The work was published in the journal Cell on January 22, 2026, and involved contributors from Stanford Medicine and the University of Arizona, among others, with NIH and private foundation funding.

Transplanting facial-derived fibroblasts or injecting genetically altered fibroblasts that resemble facial fibroblasts into non-facial wounds reduces scarring, suggesting that a small number of key cells can trigger broad healing changes.
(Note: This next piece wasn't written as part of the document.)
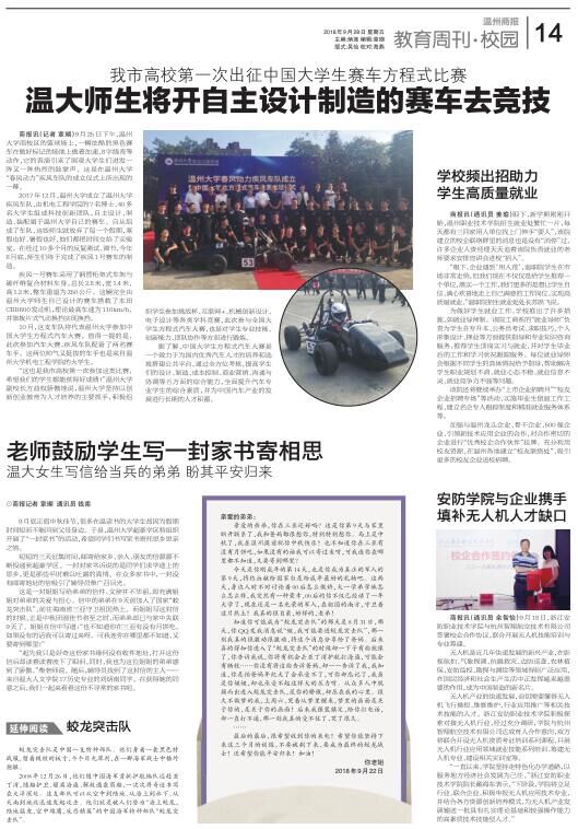 2017 年12 月,388vip太阳集团成立了388vip太阳集团疾风车队,由机电工程学院的7 名博士、40 多名大学生组成科技创新团队,自主设计、制造、装配属于388vip太阳集团自己的赛车。自从组成了车队,这些师生就放弃了每一个假期,寒假也好、暑假也好,他们都把时间交给了实验室。在经过10 多个月的反复测试、调节,今年8月底,师生们终于完成了疾风1 号赛车的制造。

Experiments show that activating this regenerative pathway in a subset of fibroblasts around abdominal or back wounds leads to significantly less scarring, similar to facial wounds.

Lead authors include Michelle Griffin and Dayan Li, with senior authors Michael Longaker and Derrick Wan from Stanford Medicine.

Longaker and Wan are senior authors, with Dayan Li and Michelle Griffin as lead authors; Longaker holds related patent interests and affiliations with Stanford institutes.

Researchers highlighted that facial wounds’ reduced scarring is linked to evolutionary pressures to preserve facial function—seeing, hearing, breathing, and eating—while healing quickly elsewhere.

The study suggests potential translation to human healing and possibly preventing or treating scars from surgeries or trauma across body sites, with implications for internal scarring as well.

The study suggests the potential to improve wound healing after surgery or trauma by manipulating fibroblast origin or the ROBO2-EP300 signaling axis, with possible relevance to internal scarring beyond the skin.

A Stanford Medicine study in mice identifies why facial and scalp wounds scar less than wounds elsewhere, implicating neural crest–origin fibroblasts and a ROBO2-EP300 signaling pathway in reduced scarring.